Visitors Guide to St. Francis, Arkansas
St. Francis is a small community of approximately 250 people in northeastern Clay County along the St. Francis River near the Missouri border. European settlement of the St. Francis area began in the early 1800s and a post road was established to deliver mail weekly between St. Francis and Helena (Phillips County) from 1816 to 1819. Steamboats were able to navigate the St. Francis River and in 1836, the Gladitor completed a six-day trip from New Orleans to the St. Francis. In the 1840s, Abraham Seitz established a home and ferry on the St. Francis River above the town, providing a crossing for settlers traveling west or east. A small hamlet soon grew up around the Seitz ferry and store and the site took the name of Chalk Bluff after the name of the nearby bluff.

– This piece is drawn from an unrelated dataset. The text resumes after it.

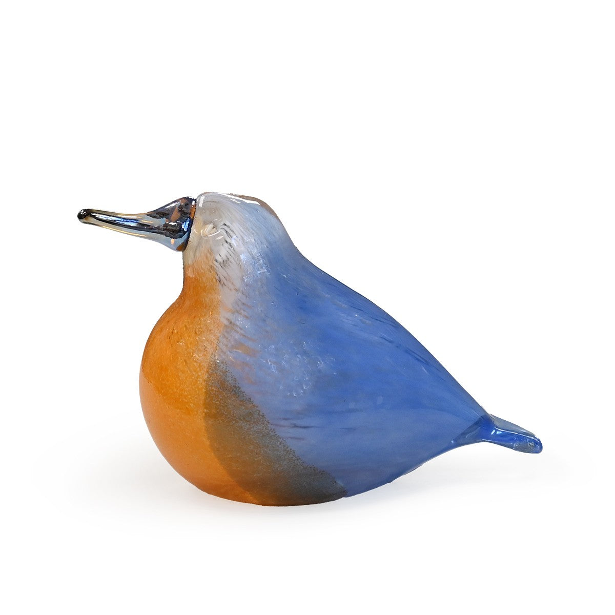 The Kingfisher Bird boasts a powerful silver beak and a vibrant orange chest that fades into a beautiful blue tail, an eye-catching pop of color wherever it lands. The glasswork and coloring give the illusion of textured feathers, authentic to the Kingfisher species. Crafted in Fiskars, Finland exclusively for FinnStyle, the Kingfisher glass bird is designed by artist Tarmo Maaronen and mouth-blown by a small team of skilled blowers. Maaronen was born in 1963 in Urjala, Finland and has been blowing glass since 1979. He worked as a teacher of Scandinavian glass techniques from 1995-1997, until he founded his own glass studio Bianco Blu.

During the Civil War Chalk Bluff was a strategic point as it overlooked the only major road between southeast Missouri and northeast Arkansas, and whoever controlled the Bluff controlled the road. Moreover, its location on the St. Francis River made the Chalk Bluff community the collection point for supplies to be shipped downstream to Confederate troops further south. There were several skirmishes between Union and Confederate forces in 1862 and 1863 and a minor battle known as the "Battle of Chalk Bluff” was fought on May 1 and 2, 1863 with Confederate forces under General John S. Marmaduke being able to successfully retreat back into Arkansas over a quickly constructed floating log bridge after a failed invasion of southeastern Missouri. Chalk Bluff was able to prosper after the Civil War until the St. Louis, Arkansas, and Texas railroad crossed the St. Francis River two miles south at St. Francis. The town of St. Francis was formally laid out at the new crossing. When a highway bridge was built at St. Francis crossing the St. Francis around 1900 the need for the ferry at Chalk Bluff ferry was eliminated and the ferry was abandoned and the town gradually died out. Chalk Bluff Battlefield Park, northwest of St. Francis, has picnic facilities and a barrier free interpretive hiking trail and marks the location of where the community of Chalk Bluff once existed.